- Directed by: Arash T. Riahi
- Written by: Arash T. Riahi
- Produced by: Veit Heiduschka, Michael Katz, Wega Film, Margaret Menegoz, Les Films du Losange
- Starring: Navid Akhavan Pourya Mahyari Elika Bozorgi Sina Saba Payam Madjlessi Behi Djanati Atai Kamran Rad Said Oveissi Fares Fares Ezgi Asaroglu Toufan Manoutcheri Michael Niavarani Soussan Azarin Johannes Silberschneider
- Cinematography: Michael Riebl
- Edited by: Karina Ressler
- Music by: Karuan
- Distributed by: Les Films du Losange
- Release dates: 29 August 2008 (WFF); 9 January 2009 (Austria); 28 January 2009 (France);
- Running time: 110 minutes
- Countries: Austria France
- Languages: English Persian Turkish

= For a Moment, Freedom =

2008 film

For a Moment Freedom (Ein Augenblick Freiheit; Pour un instant la liberté) is a 2008 film, written and directed by Austrian-Iranian filmmaker Arash T. Riahi.

==Synopsis==
For a Moment Freedom tells of the odyssey of three Iranians groups of refugees: a married couple with a child, two young men with two children, and two men who are friends despite the differences between them.

They have all managed to escape from Iran and Iraq, but now they are stuck in the Turkish capital; although freedom is at last almost within their grasp, first they have to wait in a dubious hotel, hoping each day that their applications for asylum will be approved. This enforced break in their journey towards independence is characterised by both hope and utter uncertainty.

The young Austrian-Iranian filmmaker Arash T. Riahi depicts the plight of people trying to flee their homeland and the curious, transitory state of asylum-seekers with tragic comedy and great suspense.

==Cast==

| Actor | Role |
|---|---|
| Navíd Akhavan | Ali |
| Pourya Mahyari | Mehrdad |
| Elika Bozorgi | Azy |
| Sina Saba | Arman |
| Payam Madjlessi | Hassan |
| Behi Djanati Atai | Lale |
| Kamran Rad | Kian |
| Said Oveissi | Abbas |
| Fares Fares | Manu |
| Ezgi Asaroglu | Jasmin |
| Toufan Manoutcheri | Mother of Asy and Arman |
| Michael Niavarani | Father of Asy and Arman |
| Soussan Azarin | Grandmother |
| Muhammed Cangören | Grandfather |
| Kourosh Asadollahi | Ahmad |
| Halilibrahim Sahin | Son of Ahmad |
| Kave Foladi | Prosecutor |
| Johannes Silberschneider | Pifko |

Filming Locations

- Turkey
- Austria
- Germany

== Prizes ==

- 2010 Tromsø International Film Festival's audience award
- Special Jury Award and Special Audience Award at 10° Lecce European Film Festival
- Grande Premio Ficcao - Grand Prize for Best Movie and Premio do Público Ficcao - Publics Prize at the Amazonas Filmfestival/Manaus Brasil
- Mejor Guion - Best Screenplay at 2. Festival Internacional San Luis Cine/Argentinian
- 19. Festival International du Film D'Histoire-Pessac/France
- Prix du Jury Officiel - Main Award of the Jury, Prix du Jury étudiant - Student Award, Prix du Public - Publics Prize

For a Moment Freedom has won two more awards at the Festival du Cinéma Européen en Essonne in France. The film was awarded both the Public Award and the Student Award. This festival, which has been running for the last ten years, specializes in political films.
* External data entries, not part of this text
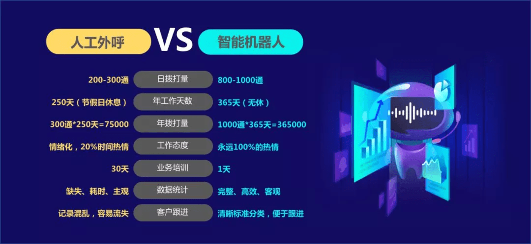 4、機器人跟人工員相比,性價比是非常高的,一個員工底薪就可以買到一個年制版,每天外呼三千的機器人。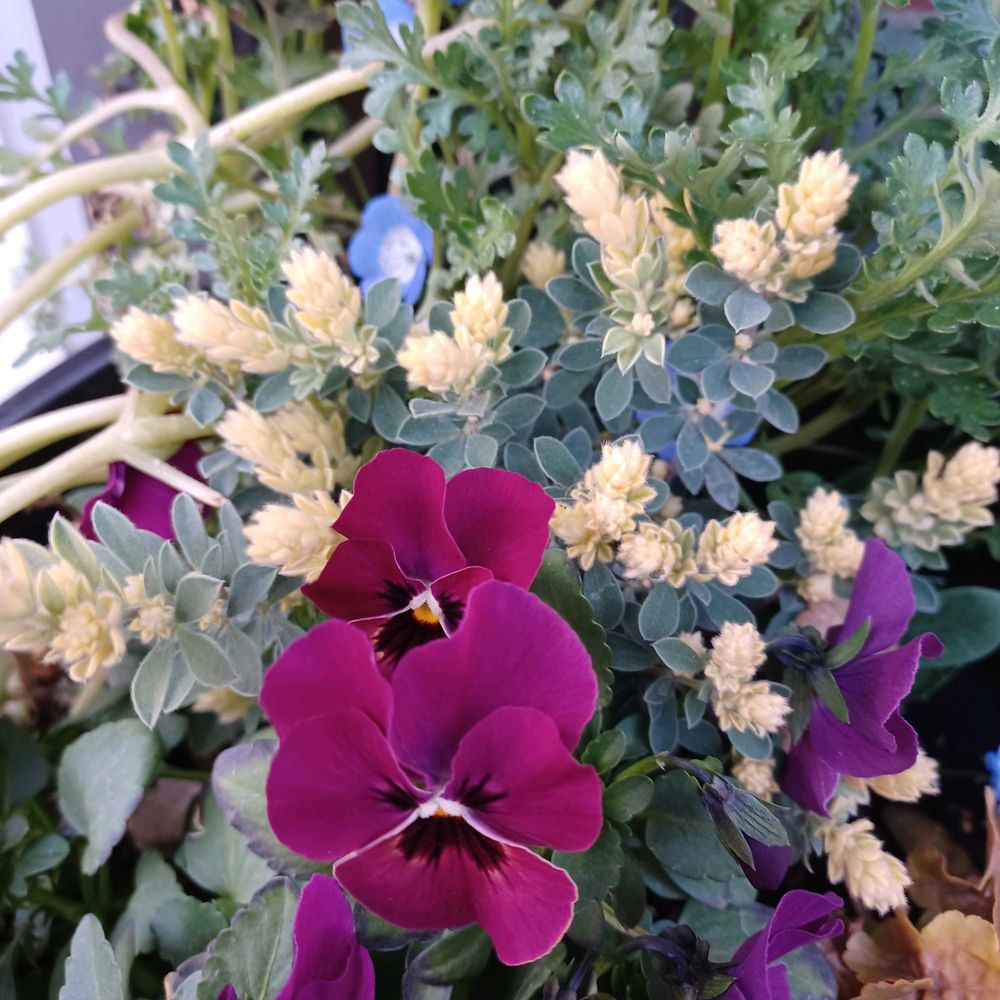 寄せ植えのロータスブリムストーン。ふわふわ感が可愛いです。
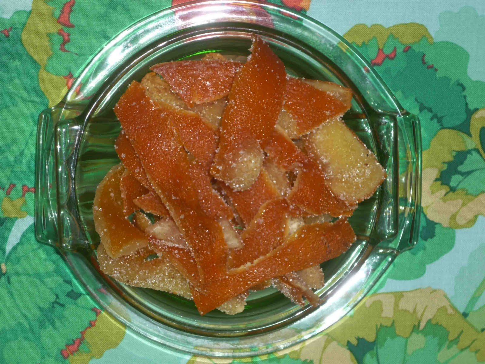 Uma das iguarias de que mais gostamos cá em casa é da casca de laranja cristalizada. A maioria das pessoas não aprecia, no bolo rei a casca da laranja e o figo são na maioria das vezes postas de parte, cá em casa é precisamente o contrário. Eu e o V. adoramos e são no bolo as primeiras fatias a serem cortadas.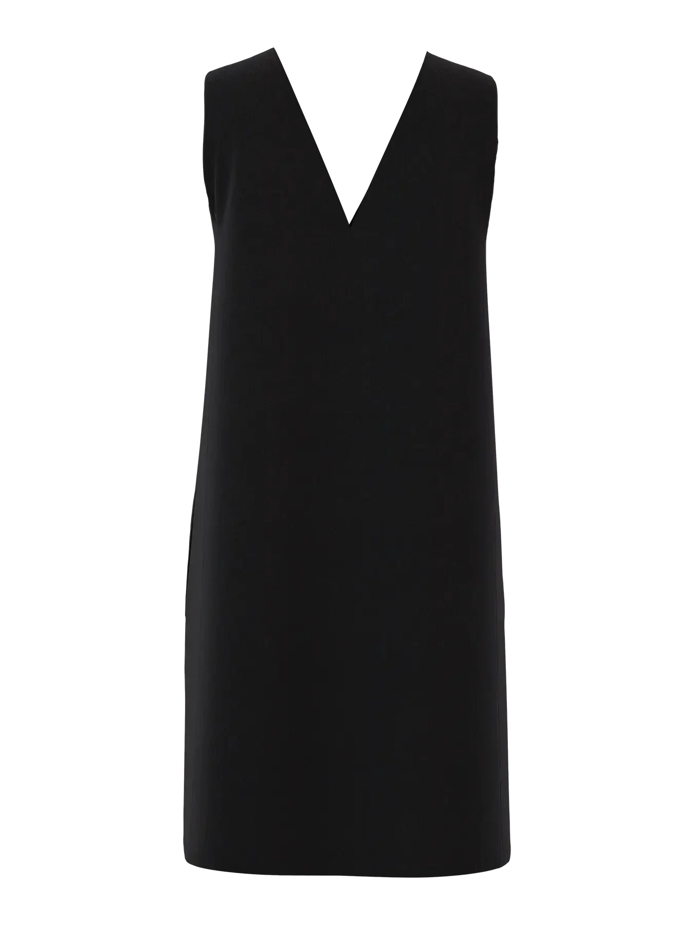 Schwarzes Spenzerkleid von Pieces mit V-Ausschnitt vorne und hinten. Das ärmellose Kleid hat eine lockere Passform und reicht bis zum Knie.

- the Festival du Cinéma Européen en Essonne
- Best Austrian film 2008 at Viennale 08-International Filmfestival - Vienna Film award

For a Moment Freedom won the Vienna Film Prize for the Best Austrian Film of the year at the 2008 Vienna Film Festival.

- 13è FESTIVAL INTERNATIONAL DES JEUNES REALISATEURS DE SAINT-JEAN-DE-LUZ
- Alain Poire Screenvision Award for Best Director

The prize is named after Alain Poire, the French producer who produced a large number of films, including works by Robert Bresson, Claude Autant-Lara and Yves Robert.

For a Moment Freedom was awarded the Golden Eye, the Award for the Best Debut Feature Film, at the 4th Zurich Film Festival by a jury headed by Peter Fonda.
The Zurich Film Festival (ZFF) is one of the most important international festivals for young talent and is held annually in Zurich. The film festival is committed to promoting the works of young directors and screenwriters from all over the world.

Zurich Film Festival

At the renowned "A" festival, the World Film Festival in Montreal, For a Moment Freedom has won an award for the best debut feature film, the Golden Zenith for the Best First Fiction Feature Film 2008.